Exercise brief — Your job is to print, exactly, the lines in the data below from the line with "供應(yīng)現(xiàn" through the line with "コラボドリンクは、「一条シン", both included, and to omit any picture.

**** Supplied material ****

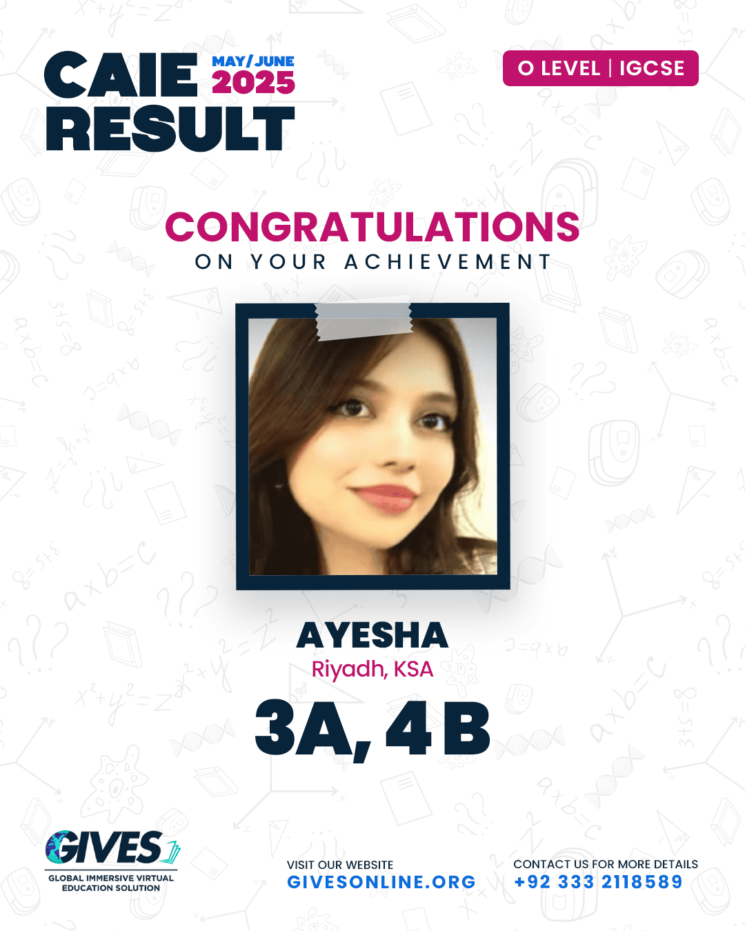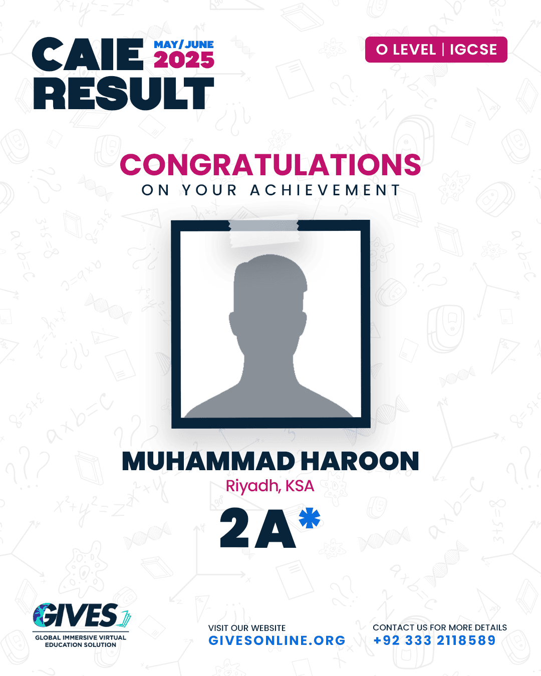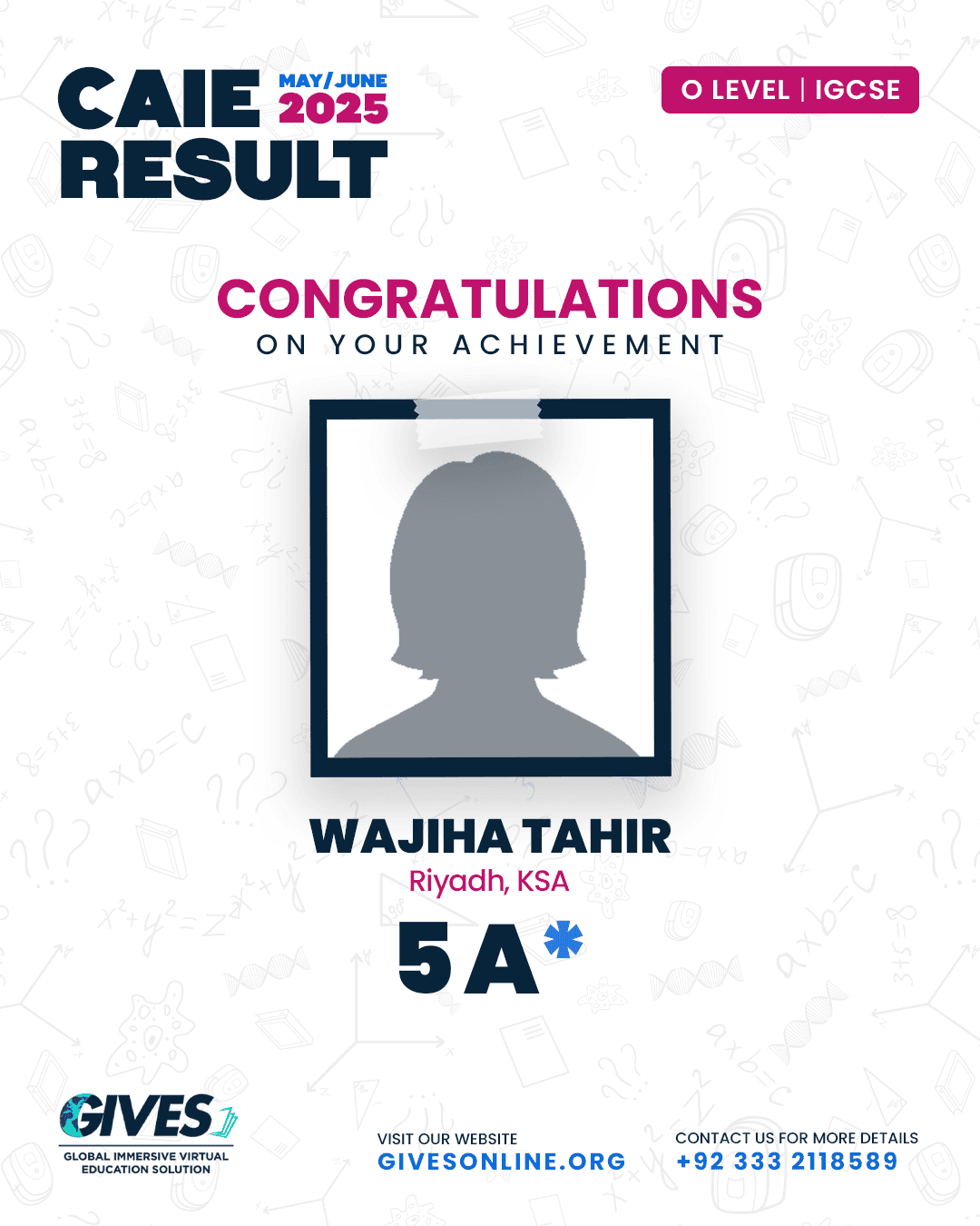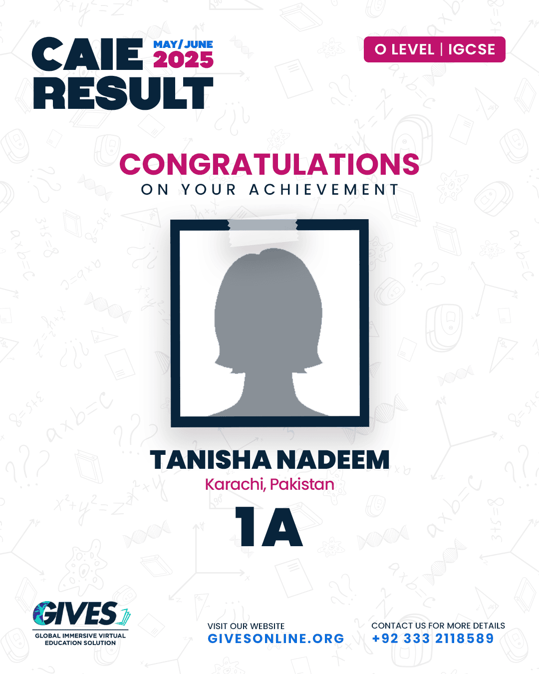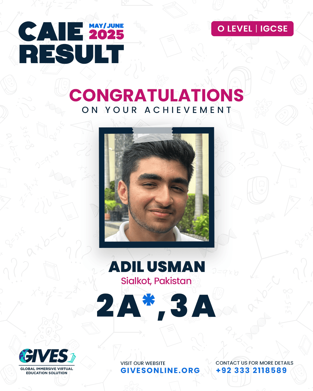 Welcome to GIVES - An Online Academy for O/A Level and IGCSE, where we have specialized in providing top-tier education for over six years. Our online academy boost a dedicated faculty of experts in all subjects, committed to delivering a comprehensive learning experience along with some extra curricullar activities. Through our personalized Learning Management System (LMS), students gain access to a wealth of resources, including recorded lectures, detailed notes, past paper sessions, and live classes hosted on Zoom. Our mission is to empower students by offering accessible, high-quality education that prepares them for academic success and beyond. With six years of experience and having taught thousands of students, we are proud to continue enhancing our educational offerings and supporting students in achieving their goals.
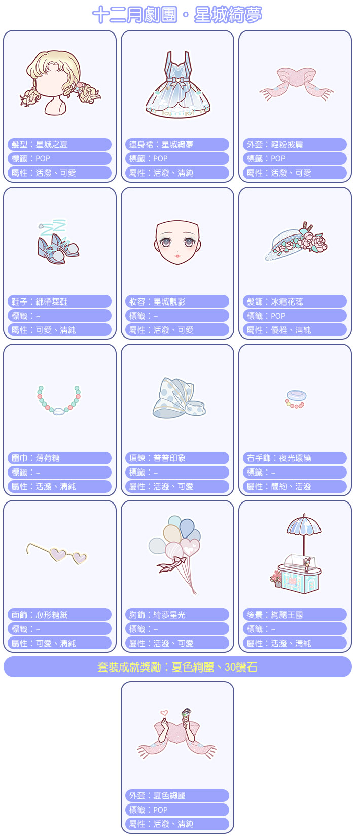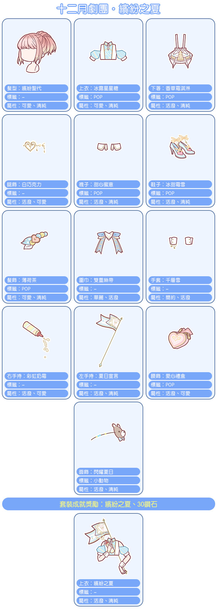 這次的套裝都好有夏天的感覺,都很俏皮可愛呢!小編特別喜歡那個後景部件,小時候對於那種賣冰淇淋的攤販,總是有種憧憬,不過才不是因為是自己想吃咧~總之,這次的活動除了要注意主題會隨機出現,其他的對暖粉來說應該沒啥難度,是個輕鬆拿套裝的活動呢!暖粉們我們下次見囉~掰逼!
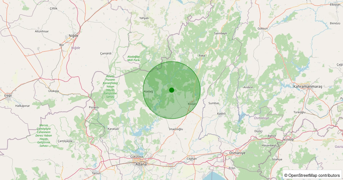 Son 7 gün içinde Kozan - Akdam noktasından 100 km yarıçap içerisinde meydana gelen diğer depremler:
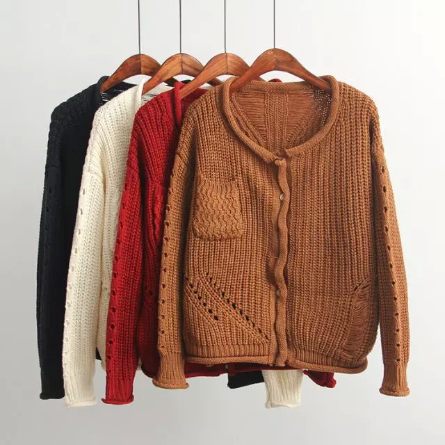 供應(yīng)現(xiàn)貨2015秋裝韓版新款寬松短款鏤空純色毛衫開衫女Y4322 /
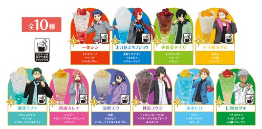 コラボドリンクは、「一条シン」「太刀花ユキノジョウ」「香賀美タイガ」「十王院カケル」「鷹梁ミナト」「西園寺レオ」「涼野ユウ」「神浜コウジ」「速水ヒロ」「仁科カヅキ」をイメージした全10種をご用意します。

****
**** Supplied material ****

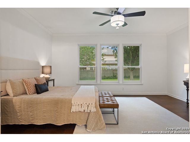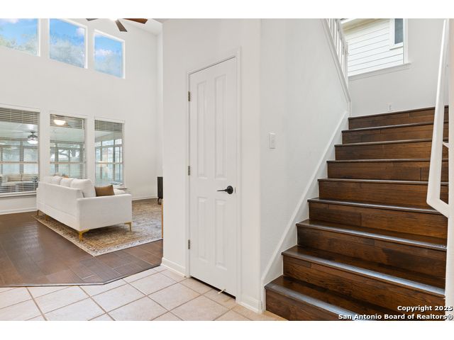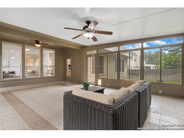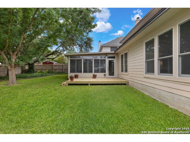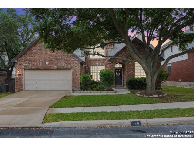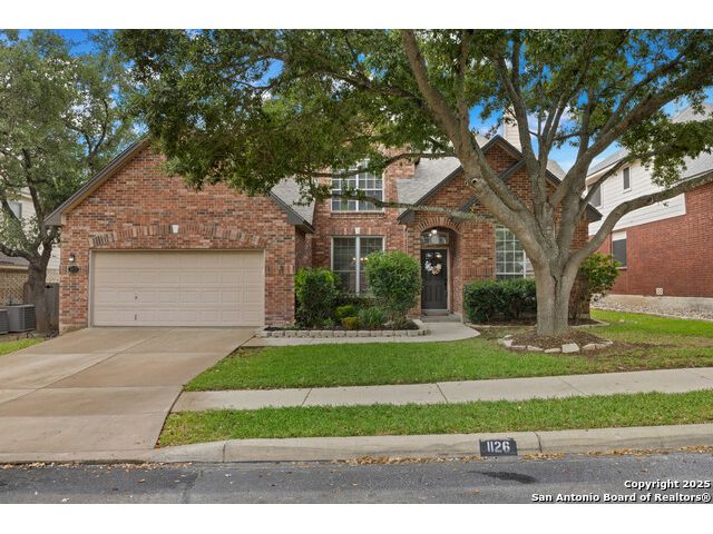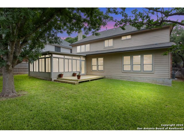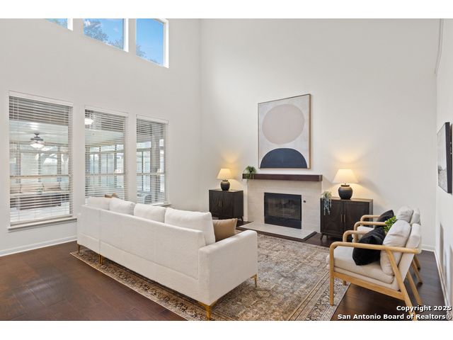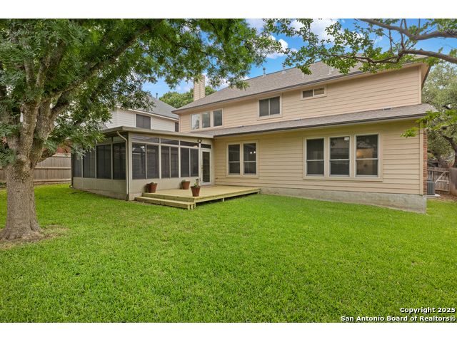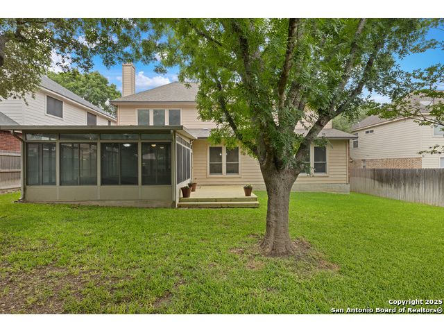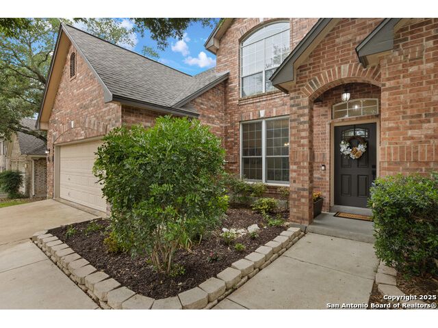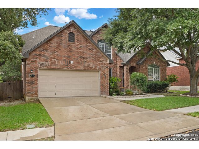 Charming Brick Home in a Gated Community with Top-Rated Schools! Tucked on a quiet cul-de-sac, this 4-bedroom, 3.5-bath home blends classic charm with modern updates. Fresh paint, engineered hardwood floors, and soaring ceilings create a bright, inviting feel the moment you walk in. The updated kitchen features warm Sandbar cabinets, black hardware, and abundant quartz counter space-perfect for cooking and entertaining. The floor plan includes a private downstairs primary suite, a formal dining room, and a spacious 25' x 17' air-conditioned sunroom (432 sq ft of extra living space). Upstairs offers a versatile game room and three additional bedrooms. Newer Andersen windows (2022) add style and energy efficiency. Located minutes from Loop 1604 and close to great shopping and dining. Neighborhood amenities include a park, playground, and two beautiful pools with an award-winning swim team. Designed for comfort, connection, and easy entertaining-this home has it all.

****

Exercise response —
 供應(yīng)現(xiàn)貨2015秋裝韓版新款寬松短款鏤空純色毛衫開衫女Y4322 /
 コラボドリンクは、「一条シン」「太刀花ユキノジョウ」「香賀美タイガ」「十王院カケル」「鷹梁ミナト」「西園寺レオ」「涼野ユウ」「神浜コウジ」「速水ヒロ」「仁科カヅキ」をイメージした全10種をご用意します。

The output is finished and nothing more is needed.